Domain-specific Applications: Application of data science techniques in specific domains like finance, healthcare, marketing, etc.
Ethics and Data Privacy: Understanding the ethical implications of data collection, storage, and usage.
Skills Developed:
Programming Proficiency: Proficiency in languages like Python, R, SQL, etc.
Data Analysis: Ability to analyze large datasets using statistical and computational techniques.
Problem-Solving: Skills to tackle complex problems through data-driven approaches.
Critical Thinking: Ability to evaluate data and make informed decisions.
Communication Skills: Effectively conveying insights derived from data to diverse audiences.
Career Opportunities:
Graduates with a B.Tech. in Data Science and Analytics can pursue various career paths such as:
Data Science and Analytics are increasingly critical in various industries, including finance, healthcare, e-commerce, marketing, and more.

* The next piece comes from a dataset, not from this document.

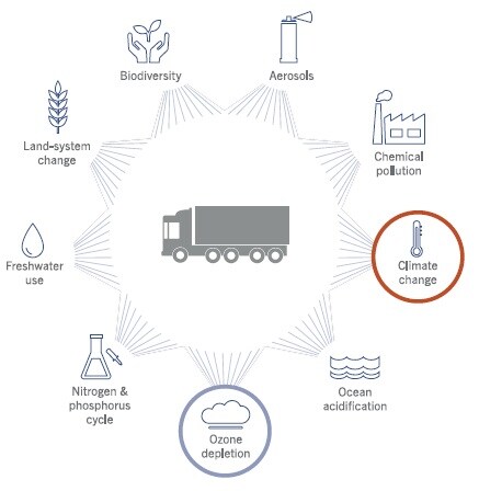 しかしながら、オゾン層を破壊する物質の排出量については、運送業は持続可能な限界値の範囲内となっています。

Organizations rely on data-driven insights to make informed decisions, improve efficiency, and gain a competitive edge.
B.Tech. Data science and analytics Eligibility Criteria:
To be eligible for the B.Tech. Data Science and Analytics program, candidates must have completed their 10+2 education in the Science stream with Mathematics as a compulsory subject. Additionally, candidates must have cleared a relevant entrance exam, such as JEE Main, JEE Advanced, or BITSAT.
Educational Qualifications:
Completion of Higher Secondary Education (10+2): Applicants must have completed their secondary education with a strong foundation in Mathematics, Physics, and Chemistry or Computer Science.
Entrance Exams:
Entrance Exam Scores: Many institutes or universities conduct entrance exams for admission into B.Tech. programs. Scores from these exams might be required for admission consideration. Examples include:
Minimum Aggregate Marks:
Minimum Marks Requirement: A certain minimum aggregate score in the qualifying examination (typically 50-60% or higher) may be required by some institutions for eligibility.
Other Requirements:
Additional Tests or Interviews: Some institutions might conduct additional tests or interviews to assess a candidate's aptitude for the program.
B.Tech. Data Science and Analytics Highlights
Aspect | Details |
Degree Name | B.Tech. in Data Science and Analytics |
Duration | 4 years |
Eligibility Criteria | Completion of Higher Secondary Education (10+2) |
Entrance Exams | JEE Main, State-Level Engineering Entrance Exams, Others |
Core Subjects | Mathematics, Statistics, Data Management, Machine Learning |
Skills Developed | Programming, Data Analysis, Problem-Solving, Communication |
Career Opportunities | Data Scientist, Data Analyst, Business Analyst, etc. |
Industry Demand | High demand across various sectors and industries |
Technological Emphasis | Machine Learning, AI, Big Data Technologies |
Curriculum Focus | Data Visualization, Ethics in Data, Domain Applications |
Importance in Industry | Integral for data-driven decision-making |
Potential for Advancement | Career growth due to increasing reliance on data |
B.Tech. Data science and analytics Selection Criteria:
Admission to the program is based on a candidate's performance in the entrance exam and their 10+2 examination. Candidates are required to score a minimum aggregate of 50% marks in their 10+2 examination to be considered for admission.
B.Tech. Data science and analytics Entrance Exam:
Candidates need to appear for a relevant entrance exam, such as JEE Main, JEE Advanced, or BITSAT.
B.Tech. Data science and analytics Duration:
The duration of the B.Tech. Data Science and Analytics program is four years.
B.Tech. Data science and analytics Fee:
The fee for the program varies across colleges and universities. On average, the fee ranges from INR 4-5 lakhs per annum.
B.Tech. Data science and analytics Syllabus:
The B.Tech. Data Science and Analytics program syllabus includes topics such as data mining, data analytics, machine learning, programming languages such as Python and R, and database management.
B.Tech. Data science and analytics Career Opportunities:
Graduates with a B.Tech. Data Science and Analytics degree can explore career opportunities in various fields such as data science, data analytics, machine learning, and artificial intelligence. They can work as data analysts, data scientists, data engineers, machine learning engineers, and data architects, among other roles. The average salary for a B.Tech. Data Science and Analytics graduate in India is around INR 6-8 lakhs per annum.
B.Tech. Data science and analytics How to Apply:
To apply for the B.Tech. Data Science and Analytics program, candidates need to visit the official website of the college or university they are interested in and fill out the application form. They will also need to submit their academic transcripts, entrance exam scorecard, and other required documents.
B.Tech. Data science and analytics Application Process:
The application process for the B.Tech. Data Science and Analytics program typically involves the following steps:
B.Tech. Data science and analytics Highlights:
The B.Tech. Data Science and Analytics program equips students with the skills required to analyze complex data sets and make informed decisions using data-driven insights.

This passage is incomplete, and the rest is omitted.